Learn how Red Canary ingests security data from several different third-party alert sources. Adding supported alert sources to Red Canary ensures that you are getting the most out of your security products. Your options will differ depending on the available methods that are supported and the data output that is provided by the third-party platform. The information included covers the ingestion method for supported source platforms, configuration of source data, and potential requirements regarding digital certificates and Transport Layer Security (TLS) for specific ingestion methods.
Estimated procedure time: 10 minutes
If you don't see your security product, check out Suggest a New Security Product in the Red Canary Help Center.
- In the Alert Sources search bar, enter and select the name of the security product you want to add.
- Once added, click the product name to configure the alert source.
Configure the source platform
- Click Configure.
- In the Name field, enter the security product.
- Select a display category.
- Select an ingest format or method.
- API Poller: Red Canary pulls new alerts every five minutes from the alert source API using credentials that you provide.
- Email: Red Canary provides an email address that you can configure your alert source to send alerts to.
- Syslog: Red Canary provides a URL and port for you to configure your alert source to send alerts to via the syslog network logging protocol. This requires TLS v1.2+.
- HTTP: Red Canary provides a URL and port for you to configure your alert source to send alerts to via HTTPS webhooks. This requires TLS v1.2+.

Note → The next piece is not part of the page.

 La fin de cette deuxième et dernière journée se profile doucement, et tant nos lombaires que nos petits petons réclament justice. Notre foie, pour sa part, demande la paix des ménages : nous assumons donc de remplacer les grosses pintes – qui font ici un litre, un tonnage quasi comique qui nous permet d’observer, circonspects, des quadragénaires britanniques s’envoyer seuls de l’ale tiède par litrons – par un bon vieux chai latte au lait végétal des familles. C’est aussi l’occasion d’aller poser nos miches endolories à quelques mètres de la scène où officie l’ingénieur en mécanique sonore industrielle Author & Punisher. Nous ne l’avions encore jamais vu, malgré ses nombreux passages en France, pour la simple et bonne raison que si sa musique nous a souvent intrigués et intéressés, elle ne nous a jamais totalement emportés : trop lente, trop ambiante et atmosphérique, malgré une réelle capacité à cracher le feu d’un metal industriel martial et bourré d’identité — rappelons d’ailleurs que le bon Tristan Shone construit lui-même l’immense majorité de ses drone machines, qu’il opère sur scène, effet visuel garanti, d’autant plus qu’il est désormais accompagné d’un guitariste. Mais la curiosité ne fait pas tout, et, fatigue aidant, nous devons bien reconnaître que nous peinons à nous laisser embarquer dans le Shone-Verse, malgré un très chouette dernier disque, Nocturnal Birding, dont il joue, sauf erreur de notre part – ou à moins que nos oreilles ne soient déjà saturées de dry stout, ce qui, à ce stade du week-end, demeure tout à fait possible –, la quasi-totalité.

- TCP: Red Canary provides a URL and port for you to configure your alert source to send alerts to via TCP with TLS. This requires TLS v1.2+.
- Click Save.
- You now need to parse the alerts that will be coming into Red Canary. Click Activate it to begin processing alerts.
- Click Configure to view the URL that you will be sending alerts to. From here you will notice a new section on the window. You will be able to view the URL and Port where your security product will send the alerts to.

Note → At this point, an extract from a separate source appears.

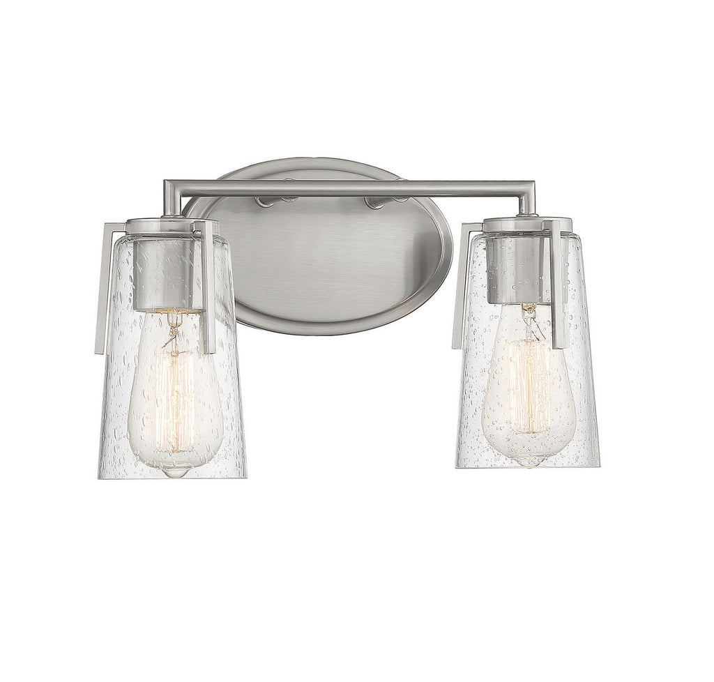 A clean, streamlined design with clear seeded glass shades defines the Sacremento collection. Measuring 14" wide.5" high and extending 5.38" from the wall, this two-light bath bar in a satin nickel finish provides ample illumination from two 60-watt standard size bulbs.

Red Canary TLS Certificate for Ingest over TLS (Recommended)
Red Canary requires that you configure your third party product to send alerts to the Provided URL and Port number highlighted below. When you are finished, click Save or exit the modal.

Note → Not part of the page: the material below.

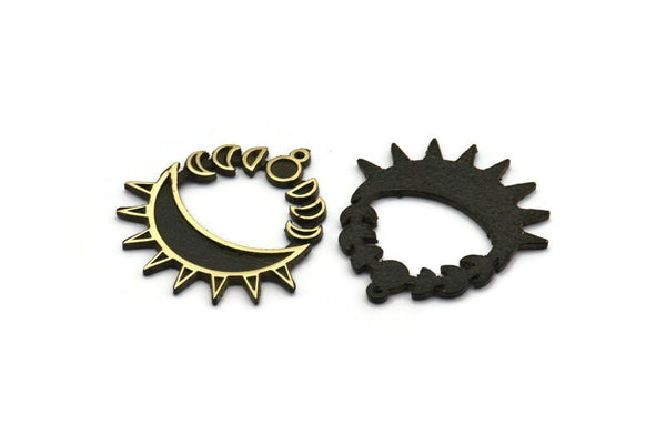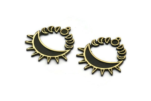 Brass Moon Charm, 2 Raw Brass Crescent Moon Charms With 1 Loop, Moon Phases Findings (32x30.5x1.5mm) N2221

Custom TLS Certificate for Ingest over TLS (Optional)
If your company has security requirements, or if the third-party product you are adding requires a custom certificate, you can use a custom TLS server certificate.
Note: Red Canary supports customer self-signed certificates but doesn’t support the uploading of third-party CA signed certificates.
- Select Use custom TLS server certificate for ingest over TLS?. Click Choose File, then select the certificate and private key files. You can also enter a private key passphrase if you choose to.
- Click Save.
You’ll receive an update in the Red Canary platform that the external alert source was successfully updated.
Deactivate alert sources
You can deactivate an alert source and remove it from Red Canary.
- Click Alert Sources in the site navigation.
- Click the name of the alert source.
- Click the ICON_TRASH icon.
Test the integration
For email-based alerts, trigger an alert or email in the source platform.
Note: There is no integrated test functionality for API-based alerts at this time.